EXERCISE GOAL:
Only the lines below from the one that contains "ونسبه الأستاذ السلفي" through the one that contains "Mandala Nusantara News, Surakarta." should appear in your answer, exact and without pictures.

RECORDS PROVIDED:
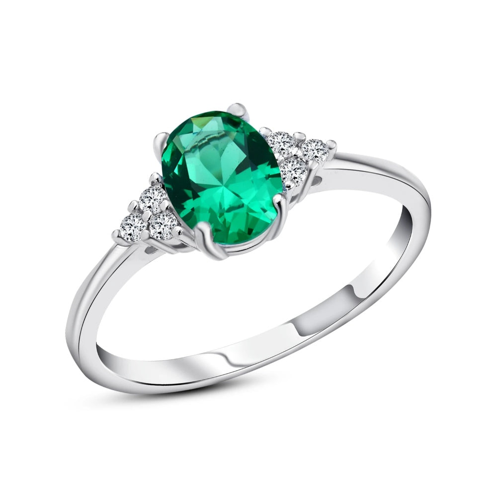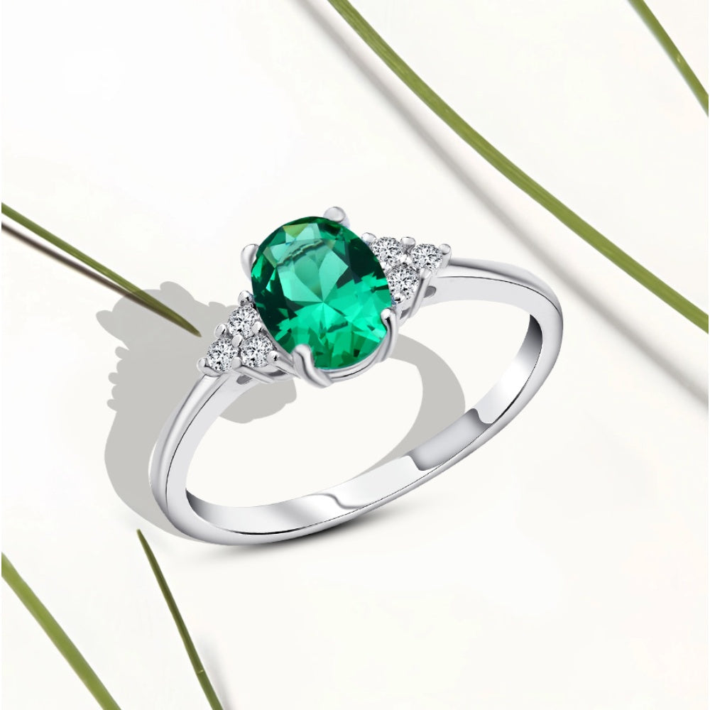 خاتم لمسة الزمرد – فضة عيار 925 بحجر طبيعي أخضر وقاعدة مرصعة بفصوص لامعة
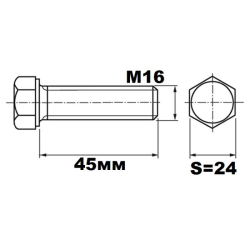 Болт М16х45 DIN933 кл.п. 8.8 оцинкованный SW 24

--

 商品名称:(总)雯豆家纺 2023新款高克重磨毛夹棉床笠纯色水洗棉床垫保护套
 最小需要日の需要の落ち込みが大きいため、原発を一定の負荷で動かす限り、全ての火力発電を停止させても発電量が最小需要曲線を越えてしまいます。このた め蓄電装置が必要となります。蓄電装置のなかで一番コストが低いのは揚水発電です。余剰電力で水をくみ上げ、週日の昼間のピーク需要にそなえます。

...

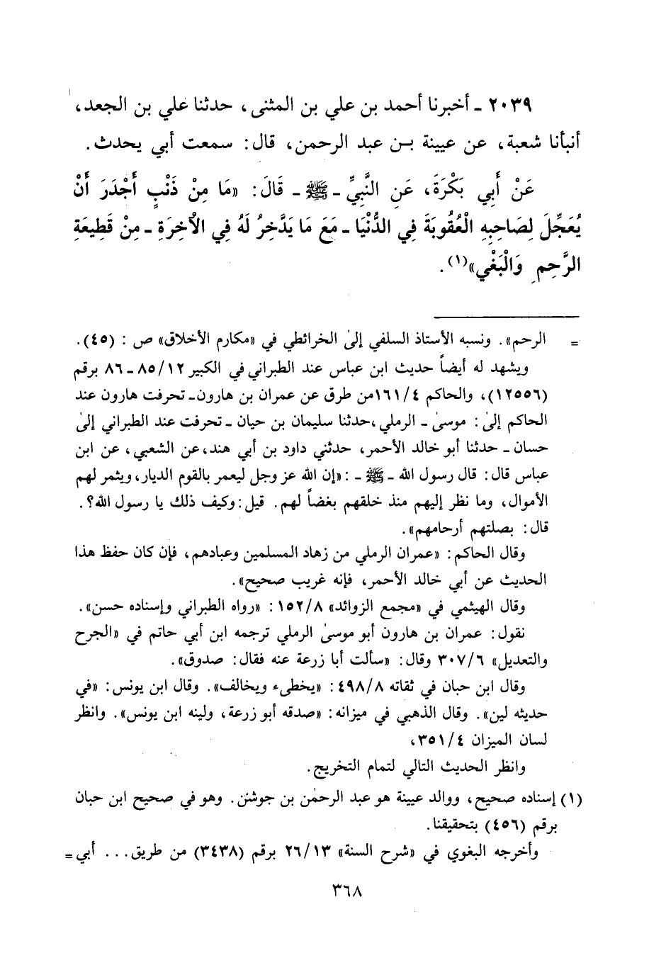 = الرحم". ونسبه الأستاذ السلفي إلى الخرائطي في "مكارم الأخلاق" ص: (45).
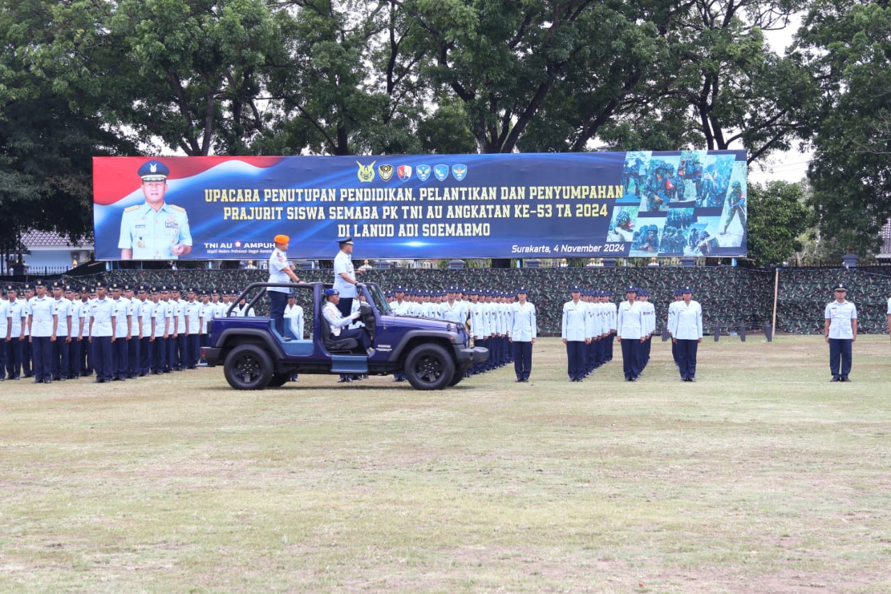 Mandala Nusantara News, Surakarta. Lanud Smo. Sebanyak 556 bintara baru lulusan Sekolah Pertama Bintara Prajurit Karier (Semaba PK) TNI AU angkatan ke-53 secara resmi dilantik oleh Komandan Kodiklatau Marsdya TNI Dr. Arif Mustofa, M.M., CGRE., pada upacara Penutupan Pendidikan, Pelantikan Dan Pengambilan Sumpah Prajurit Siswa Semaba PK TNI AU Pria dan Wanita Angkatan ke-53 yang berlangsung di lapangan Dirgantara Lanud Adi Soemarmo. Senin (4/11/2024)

EXERCISE SOLUTION:
 = الرحم". ونسبه الأستاذ السلفي إلى الخرائطي في "مكارم الأخلاق" ص: (45).
 Mandala Nusantara News, Surakarta. Lanud Smo. Sebanyak 556 bintara baru lulusan Sekolah Pertama Bintara Prajurit Karier (Semaba PK) TNI AU angkatan ke-53 secara resmi dilantik oleh Komandan Kodiklatau Marsdya TNI Dr. Arif Mustofa, M.M., CGRE., pada upacara Penutupan Pendidikan, Pelantikan Dan Pengambilan Sumpah Prajurit Siswa Semaba PK TNI AU Pria dan Wanita Angkatan ke-53 yang berlangsung di lapangan Dirgantara Lanud Adi Soemarmo. Senin (4/11/2024)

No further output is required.